INFORMATION:
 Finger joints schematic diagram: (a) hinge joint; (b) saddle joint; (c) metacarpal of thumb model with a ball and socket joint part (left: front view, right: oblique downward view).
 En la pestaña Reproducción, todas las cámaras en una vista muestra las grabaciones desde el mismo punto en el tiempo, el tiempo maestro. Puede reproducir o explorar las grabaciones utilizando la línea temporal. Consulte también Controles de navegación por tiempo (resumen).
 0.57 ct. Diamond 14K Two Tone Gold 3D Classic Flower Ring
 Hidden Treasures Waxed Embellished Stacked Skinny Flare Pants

---

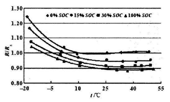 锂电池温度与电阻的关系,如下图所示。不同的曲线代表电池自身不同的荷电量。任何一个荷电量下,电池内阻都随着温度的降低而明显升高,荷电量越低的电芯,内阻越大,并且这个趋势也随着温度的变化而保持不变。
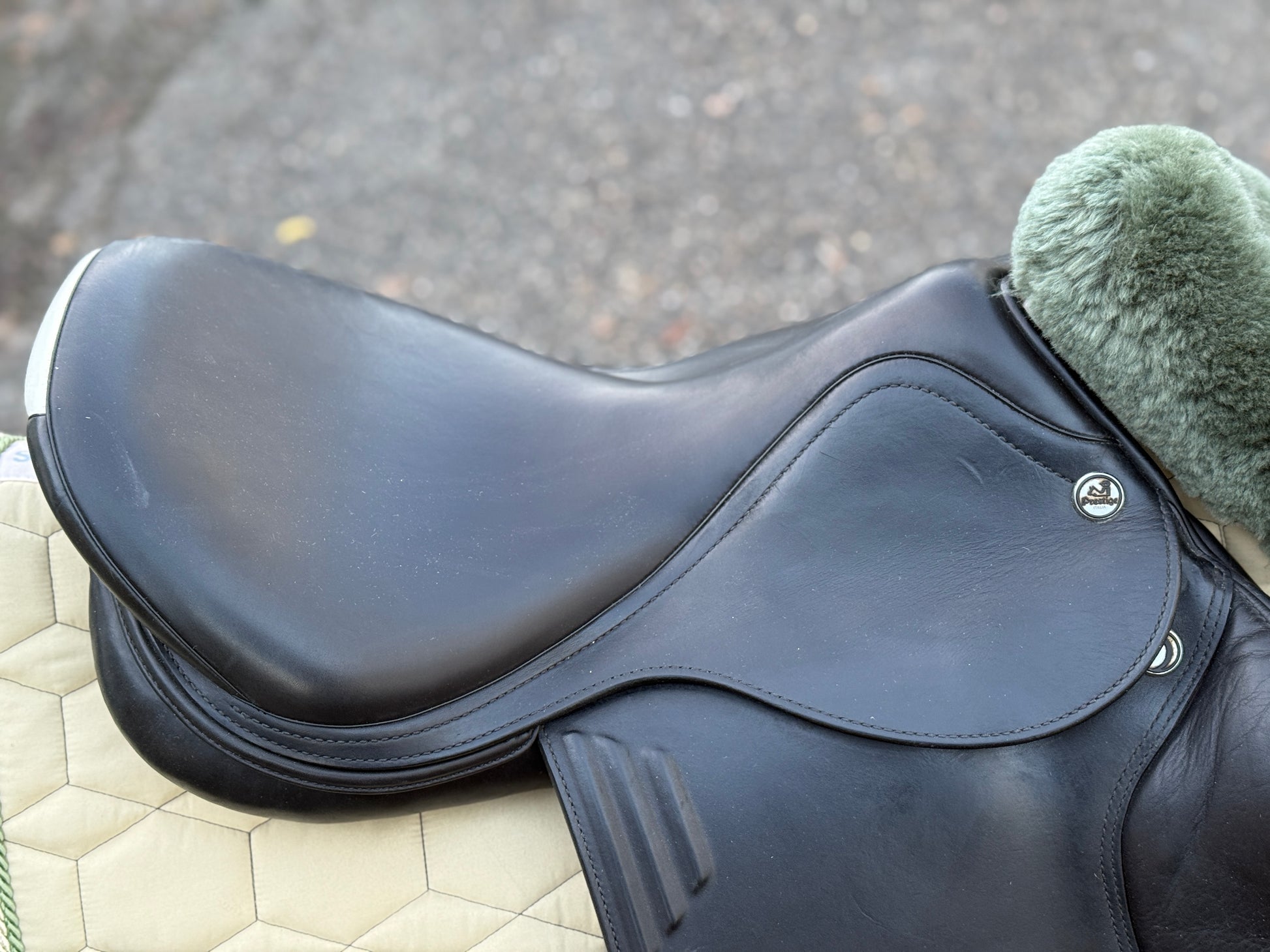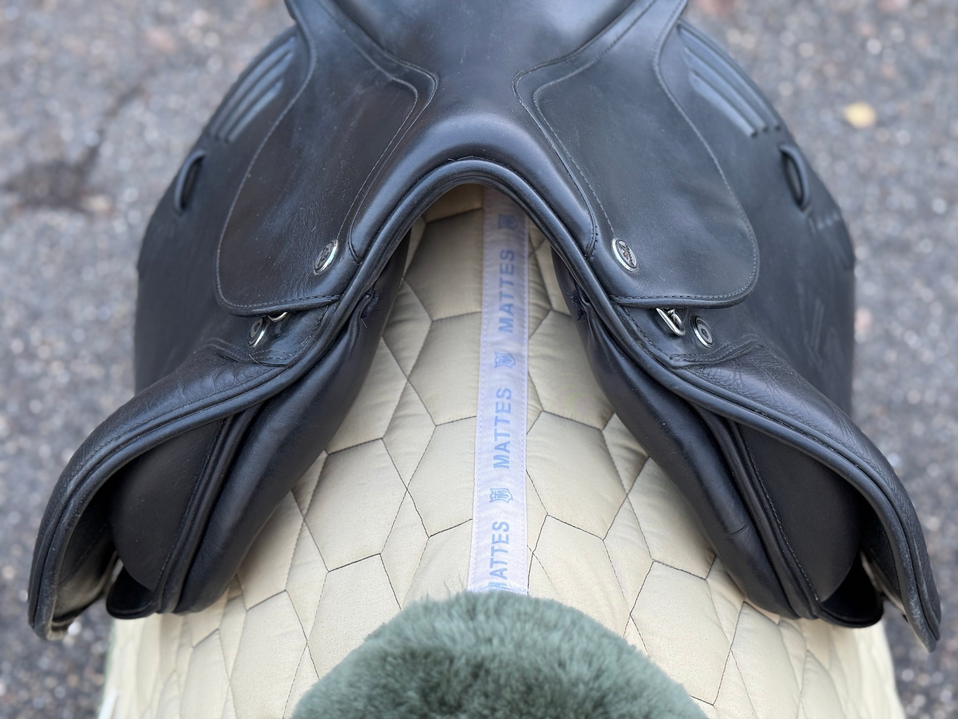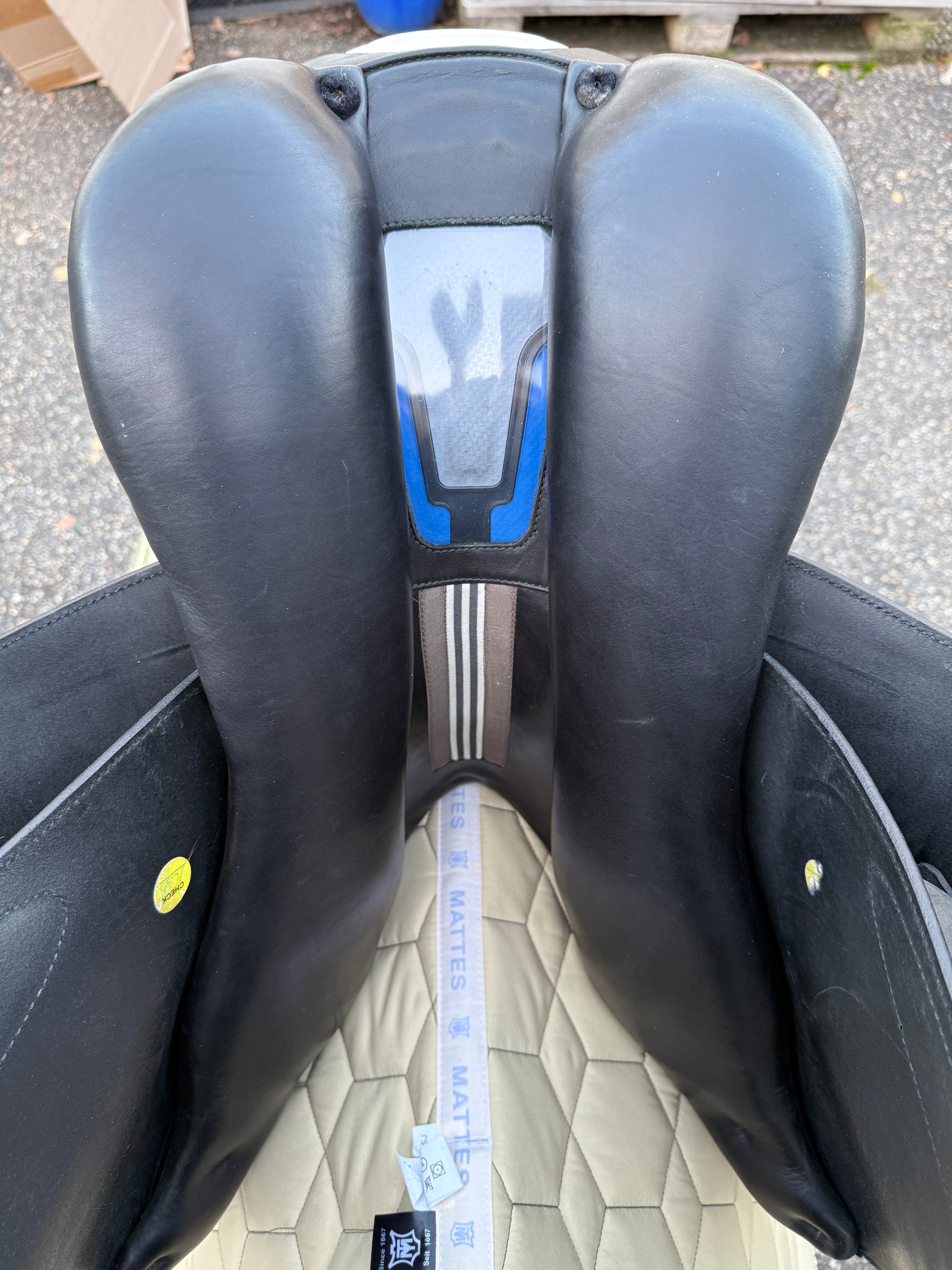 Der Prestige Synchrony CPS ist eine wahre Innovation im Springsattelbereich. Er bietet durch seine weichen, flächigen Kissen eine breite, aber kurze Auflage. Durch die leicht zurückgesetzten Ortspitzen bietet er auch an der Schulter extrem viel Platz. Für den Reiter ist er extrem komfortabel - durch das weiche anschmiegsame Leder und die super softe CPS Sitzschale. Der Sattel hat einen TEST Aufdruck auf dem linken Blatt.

...

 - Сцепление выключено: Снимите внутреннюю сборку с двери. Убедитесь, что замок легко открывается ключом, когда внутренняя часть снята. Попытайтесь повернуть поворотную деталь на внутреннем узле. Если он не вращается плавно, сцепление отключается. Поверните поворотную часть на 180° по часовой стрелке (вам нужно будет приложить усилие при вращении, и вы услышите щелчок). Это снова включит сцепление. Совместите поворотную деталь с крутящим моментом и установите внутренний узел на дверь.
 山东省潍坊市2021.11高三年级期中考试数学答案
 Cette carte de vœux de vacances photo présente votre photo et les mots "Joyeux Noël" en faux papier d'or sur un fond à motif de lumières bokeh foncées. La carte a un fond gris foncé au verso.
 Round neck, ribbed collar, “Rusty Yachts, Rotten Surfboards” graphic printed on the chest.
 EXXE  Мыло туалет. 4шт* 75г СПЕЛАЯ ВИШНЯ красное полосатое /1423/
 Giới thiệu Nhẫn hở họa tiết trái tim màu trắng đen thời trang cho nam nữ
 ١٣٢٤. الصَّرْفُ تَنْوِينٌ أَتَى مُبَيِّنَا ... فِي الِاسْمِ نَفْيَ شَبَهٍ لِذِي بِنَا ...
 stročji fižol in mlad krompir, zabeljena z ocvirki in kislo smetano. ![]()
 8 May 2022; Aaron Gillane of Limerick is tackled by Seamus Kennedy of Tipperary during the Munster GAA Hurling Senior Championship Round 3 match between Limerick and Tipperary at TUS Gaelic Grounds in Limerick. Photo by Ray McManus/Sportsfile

WHAT IS REQUIRED: Could you set down, exactly as written, the lines above between the one holding "Finger joints schematic" and the one holding "Hidden Treasures Waxed", inclusive, and nothing more?

ANSWER TO THIS TASK:
 Finger joints schematic diagram: (a) hinge joint; (b) saddle joint; (c) metacarpal of thumb model with a ball and socket joint part (left: front view, right: oblique downward view).
 En la pestaña Reproducción, todas las cámaras en una vista muestra las grabaciones desde el mismo punto en el tiempo, el tiempo maestro. Puede reproducir o explorar las grabaciones utilizando la línea temporal. Consulte también Controles de navegación por tiempo (resumen).
 0.57 ct. Diamond 14K Two Tone Gold 3D Classic Flower Ring
 Hidden Treasures Waxed Embellished Stacked Skinny Flare Pants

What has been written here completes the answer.